TASK DIRECTIONS:
Would you please repeat exactly the entries below, starting at the line with "в своем Instagram." and ending at the line with "Vintage sealed Harley", and nothing outside that range? Leave out the pictures.

━━━━━ PROVIDED RECORDS

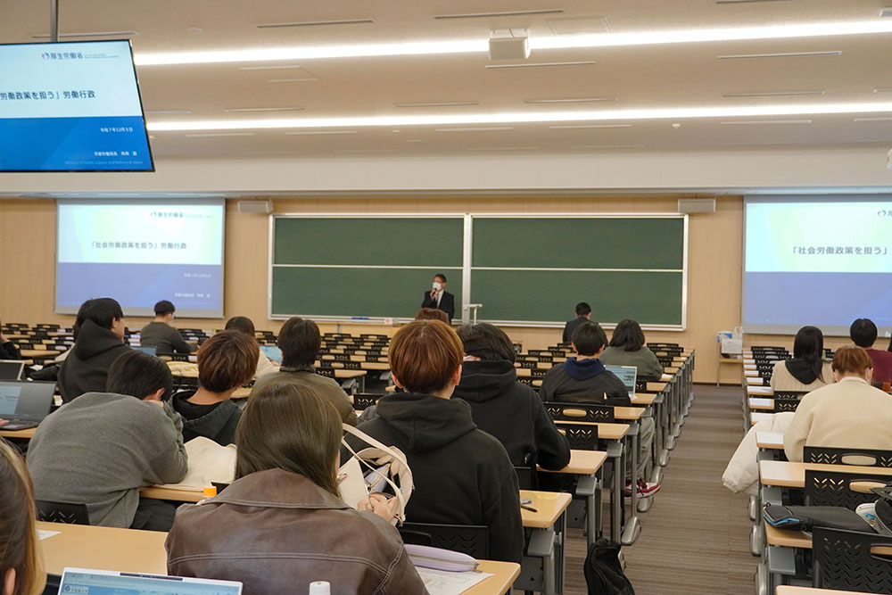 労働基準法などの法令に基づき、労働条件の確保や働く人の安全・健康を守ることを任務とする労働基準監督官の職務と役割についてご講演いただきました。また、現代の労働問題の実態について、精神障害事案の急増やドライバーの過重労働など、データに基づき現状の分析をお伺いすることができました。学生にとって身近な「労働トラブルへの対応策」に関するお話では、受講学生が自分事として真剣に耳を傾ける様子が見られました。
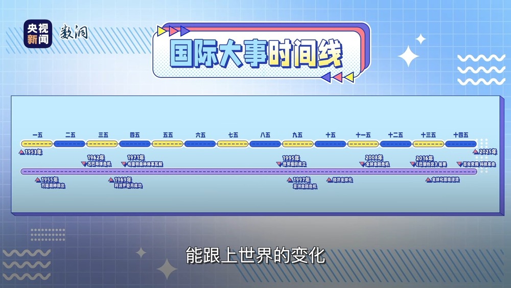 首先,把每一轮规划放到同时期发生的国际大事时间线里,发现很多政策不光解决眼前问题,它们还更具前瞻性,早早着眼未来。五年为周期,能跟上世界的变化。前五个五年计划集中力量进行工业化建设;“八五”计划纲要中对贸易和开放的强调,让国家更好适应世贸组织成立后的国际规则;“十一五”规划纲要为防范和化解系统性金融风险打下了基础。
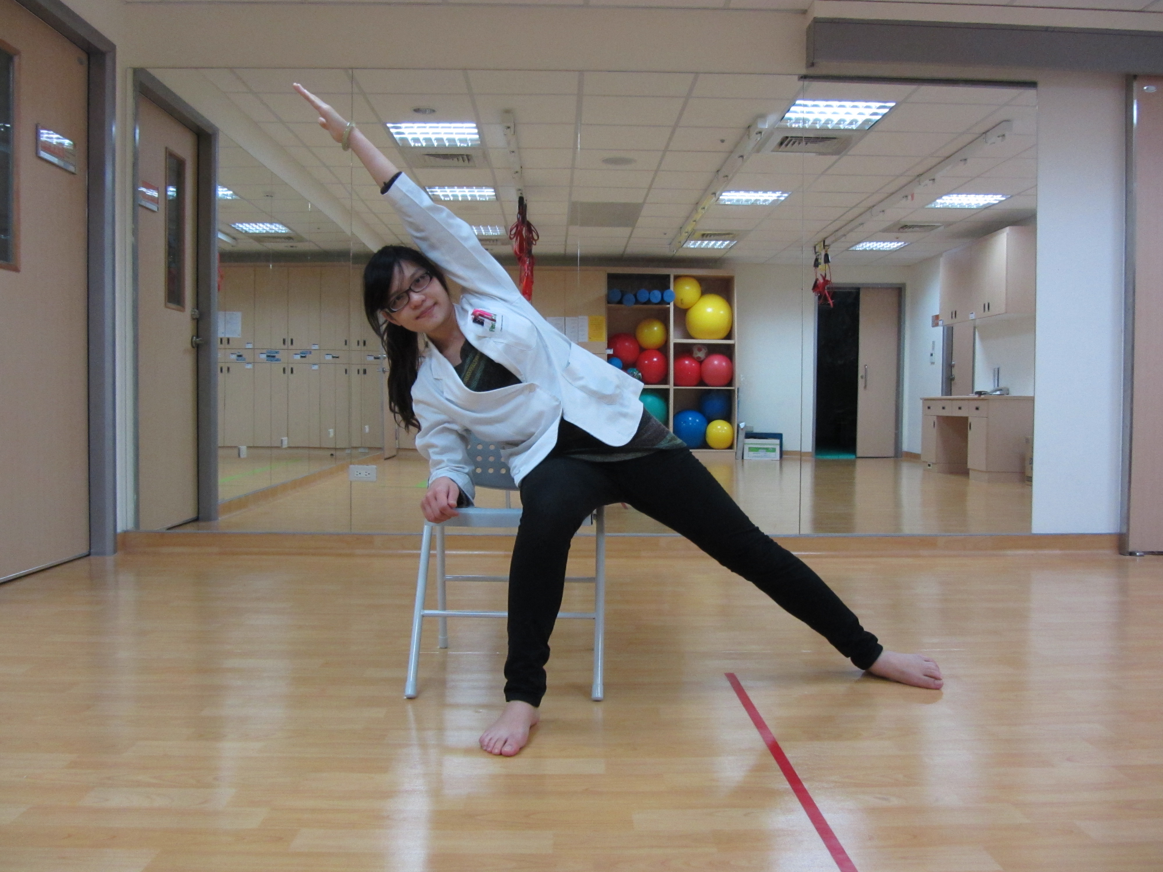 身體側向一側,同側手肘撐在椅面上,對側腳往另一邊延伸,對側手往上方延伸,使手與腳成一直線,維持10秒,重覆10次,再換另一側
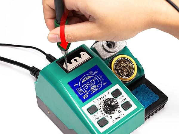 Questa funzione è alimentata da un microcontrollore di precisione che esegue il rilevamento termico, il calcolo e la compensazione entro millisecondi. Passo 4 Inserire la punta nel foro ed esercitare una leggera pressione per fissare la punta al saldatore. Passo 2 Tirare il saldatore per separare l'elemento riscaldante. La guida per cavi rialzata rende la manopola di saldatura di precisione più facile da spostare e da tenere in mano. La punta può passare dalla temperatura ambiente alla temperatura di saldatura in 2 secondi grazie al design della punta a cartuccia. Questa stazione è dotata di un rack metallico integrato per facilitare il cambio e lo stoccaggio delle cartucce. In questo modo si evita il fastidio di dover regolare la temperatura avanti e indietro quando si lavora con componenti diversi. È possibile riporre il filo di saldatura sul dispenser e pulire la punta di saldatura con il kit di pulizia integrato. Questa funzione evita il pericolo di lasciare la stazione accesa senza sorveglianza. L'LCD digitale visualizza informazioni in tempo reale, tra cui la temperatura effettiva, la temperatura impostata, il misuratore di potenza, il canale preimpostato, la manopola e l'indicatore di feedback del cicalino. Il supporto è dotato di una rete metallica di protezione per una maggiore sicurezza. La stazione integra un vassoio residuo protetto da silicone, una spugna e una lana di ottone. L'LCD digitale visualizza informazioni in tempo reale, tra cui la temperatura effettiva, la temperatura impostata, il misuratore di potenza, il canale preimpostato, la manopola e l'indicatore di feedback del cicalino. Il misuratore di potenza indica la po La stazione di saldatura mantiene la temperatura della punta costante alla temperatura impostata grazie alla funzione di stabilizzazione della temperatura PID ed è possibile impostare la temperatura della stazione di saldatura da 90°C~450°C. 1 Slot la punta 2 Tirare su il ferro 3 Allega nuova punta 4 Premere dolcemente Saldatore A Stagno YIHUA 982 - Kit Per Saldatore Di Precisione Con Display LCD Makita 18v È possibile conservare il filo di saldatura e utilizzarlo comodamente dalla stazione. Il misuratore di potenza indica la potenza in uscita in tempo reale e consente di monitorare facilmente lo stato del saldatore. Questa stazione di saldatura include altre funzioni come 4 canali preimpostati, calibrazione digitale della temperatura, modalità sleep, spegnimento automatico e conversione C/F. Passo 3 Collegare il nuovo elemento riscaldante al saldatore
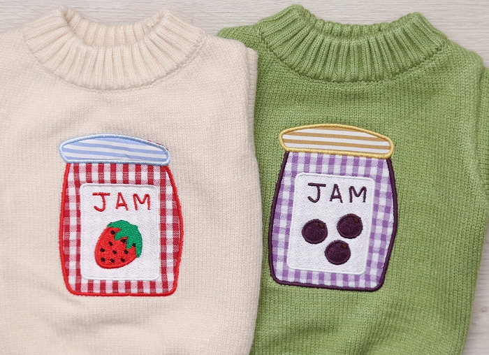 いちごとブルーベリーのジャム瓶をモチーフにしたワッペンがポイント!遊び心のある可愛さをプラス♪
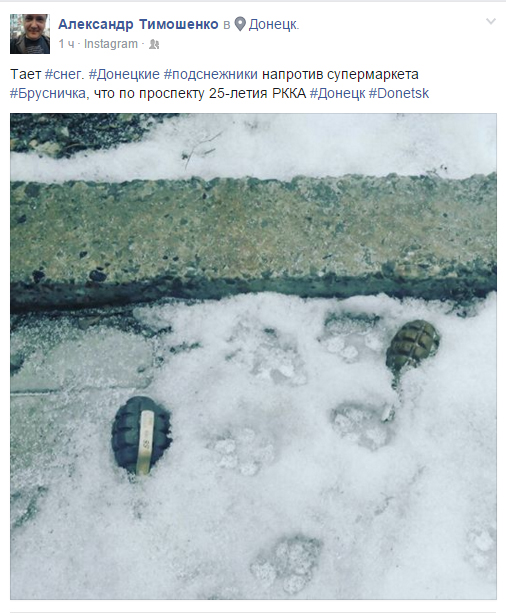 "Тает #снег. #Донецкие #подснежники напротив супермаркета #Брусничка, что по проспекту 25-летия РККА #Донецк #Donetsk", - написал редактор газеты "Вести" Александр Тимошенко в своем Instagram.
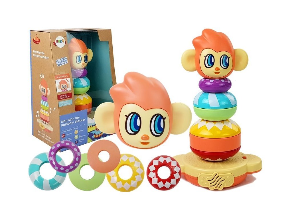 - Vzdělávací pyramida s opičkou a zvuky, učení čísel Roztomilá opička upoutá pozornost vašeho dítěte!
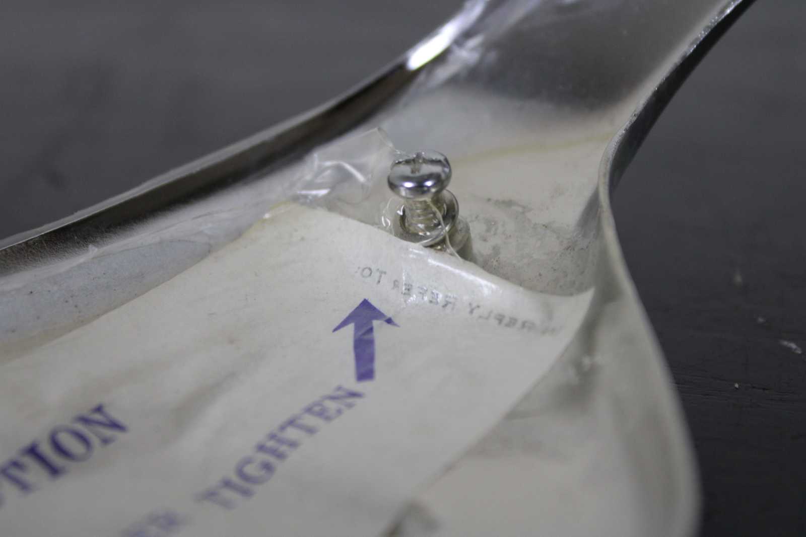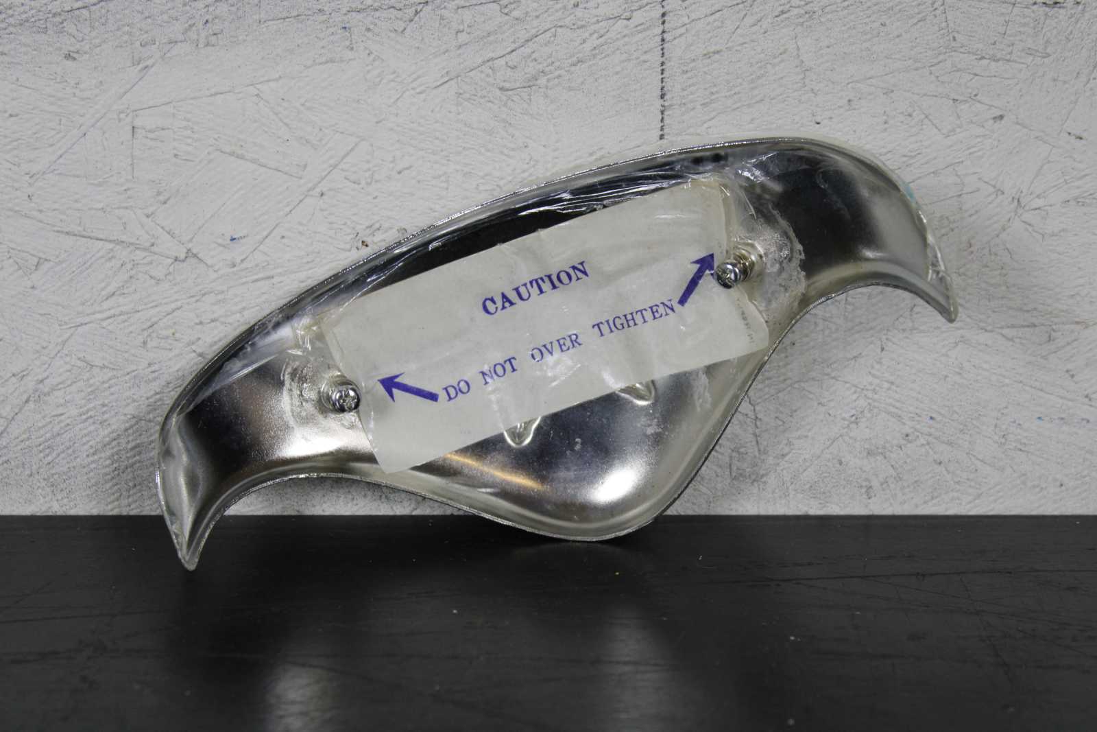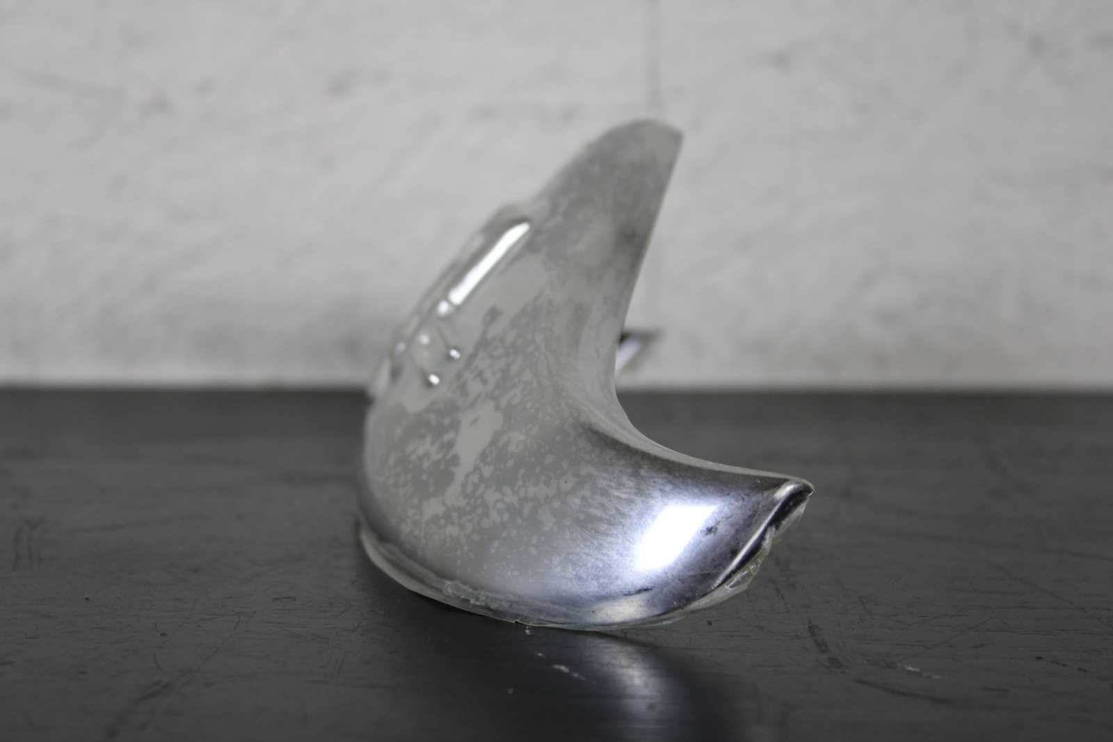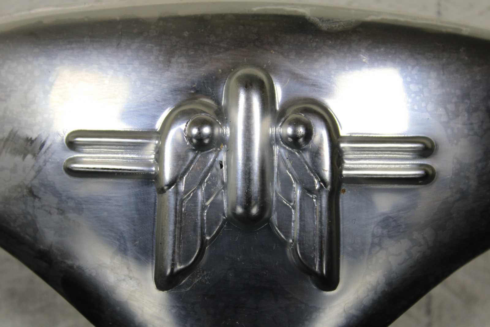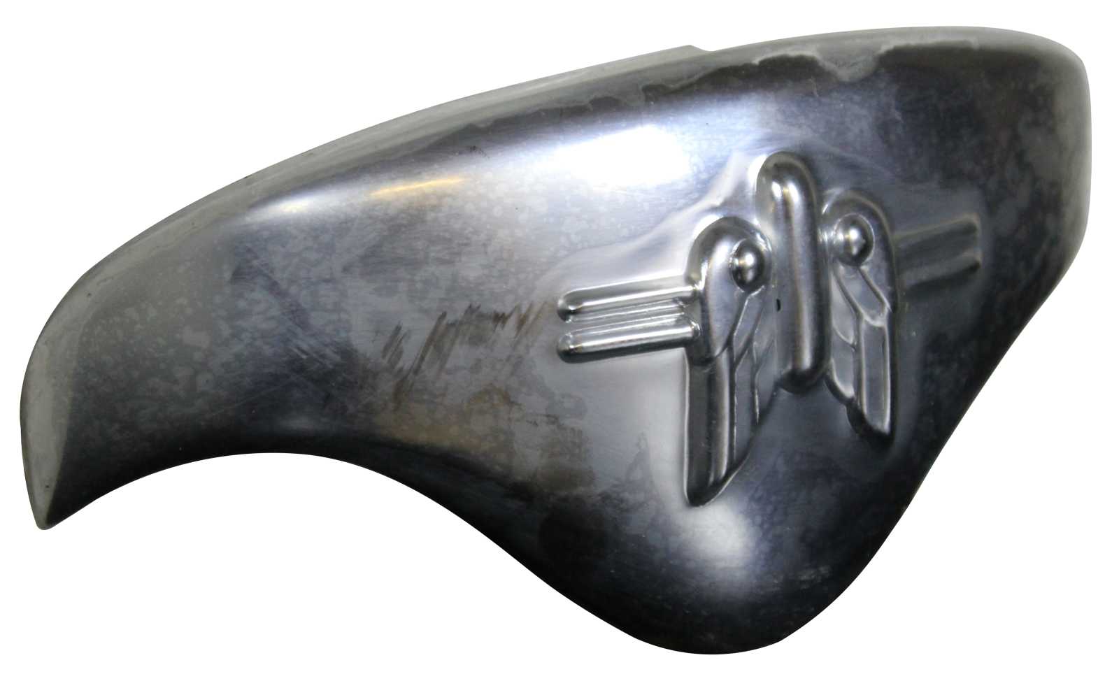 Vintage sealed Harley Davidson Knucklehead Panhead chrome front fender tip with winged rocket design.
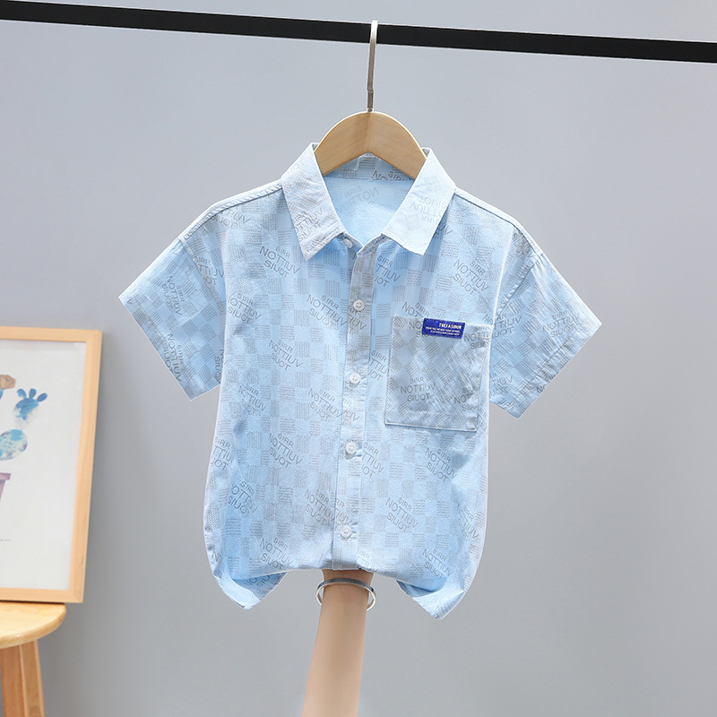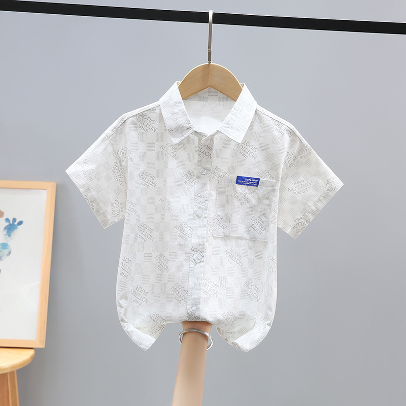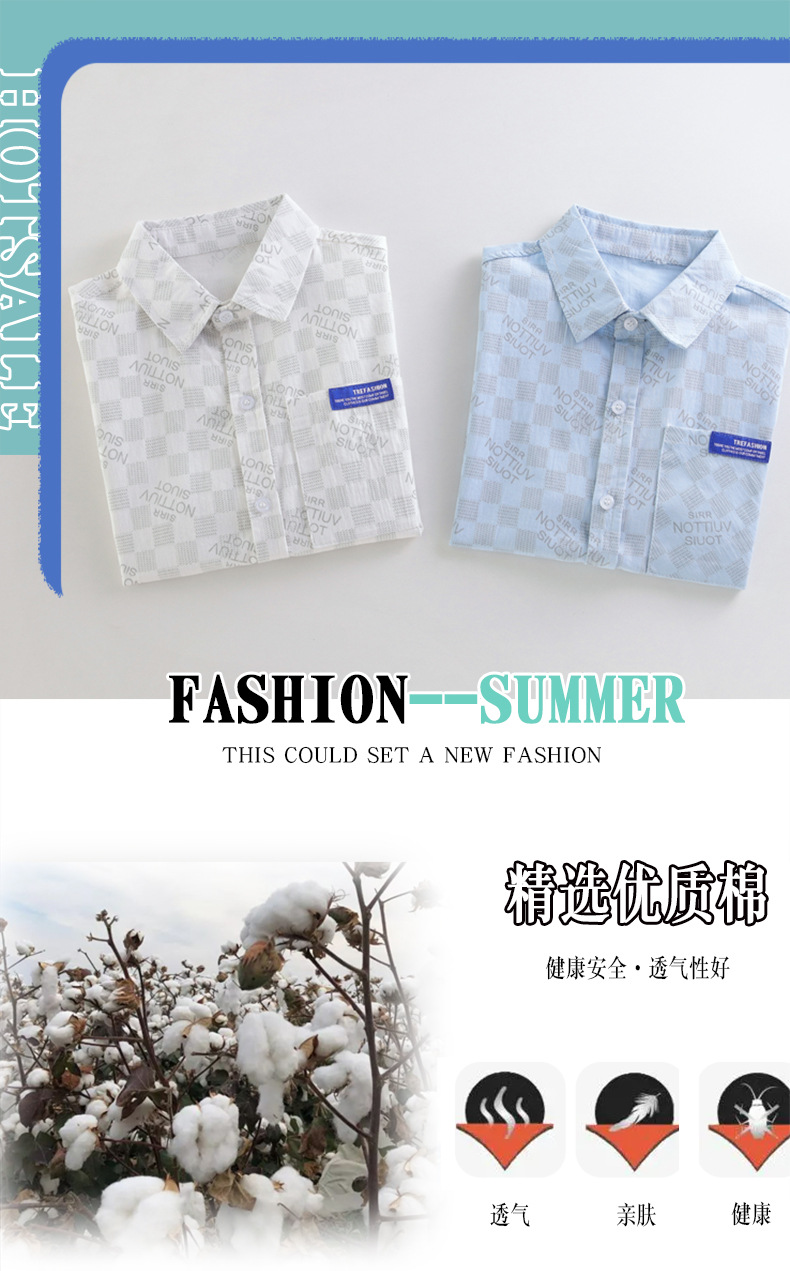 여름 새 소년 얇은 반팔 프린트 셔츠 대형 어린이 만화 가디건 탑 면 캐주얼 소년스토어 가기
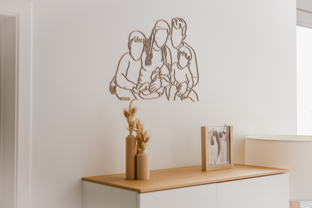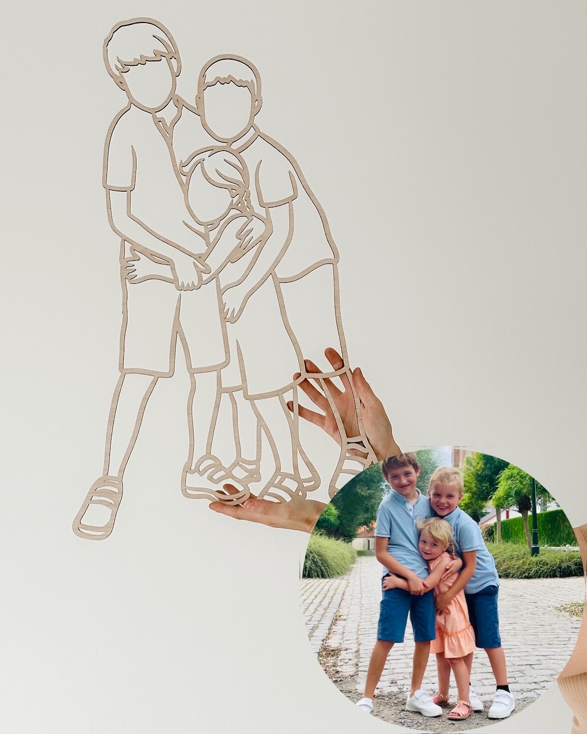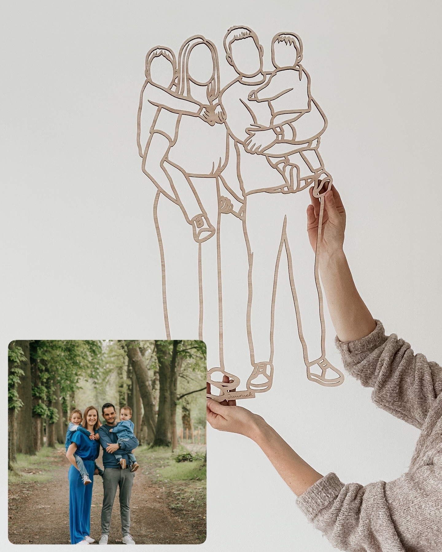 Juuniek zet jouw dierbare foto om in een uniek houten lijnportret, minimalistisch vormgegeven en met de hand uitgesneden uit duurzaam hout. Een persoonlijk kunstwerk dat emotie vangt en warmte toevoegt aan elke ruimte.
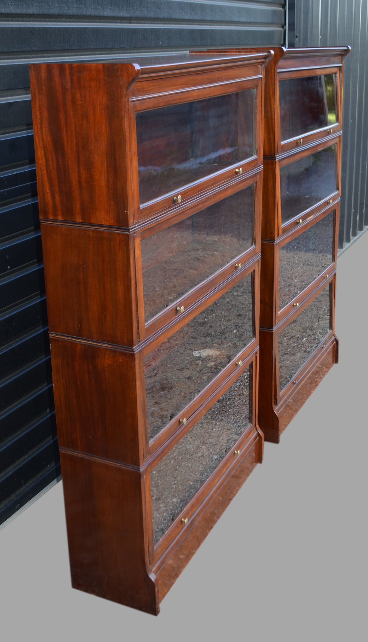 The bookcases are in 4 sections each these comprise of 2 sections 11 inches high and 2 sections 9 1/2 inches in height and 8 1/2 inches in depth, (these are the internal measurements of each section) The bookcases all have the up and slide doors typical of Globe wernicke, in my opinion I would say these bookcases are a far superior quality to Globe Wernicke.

━━━━━━━━━━

ANSWER SPACE:
 "Тает #снег. #Донецкие #подснежники напротив супермаркета #Брусничка, что по проспекту 25-летия РККА #Донецк #Donetsk", - написал редактор газеты "Вести" Александр Тимошенко в своем Instagram.
 - Vzdělávací pyramida s opičkou a zvuky, učení čísel Roztomilá opička upoutá pozornost vašeho dítěte!
 Vintage sealed Harley Davidson Knucklehead Panhead chrome front fender tip with winged rocket design.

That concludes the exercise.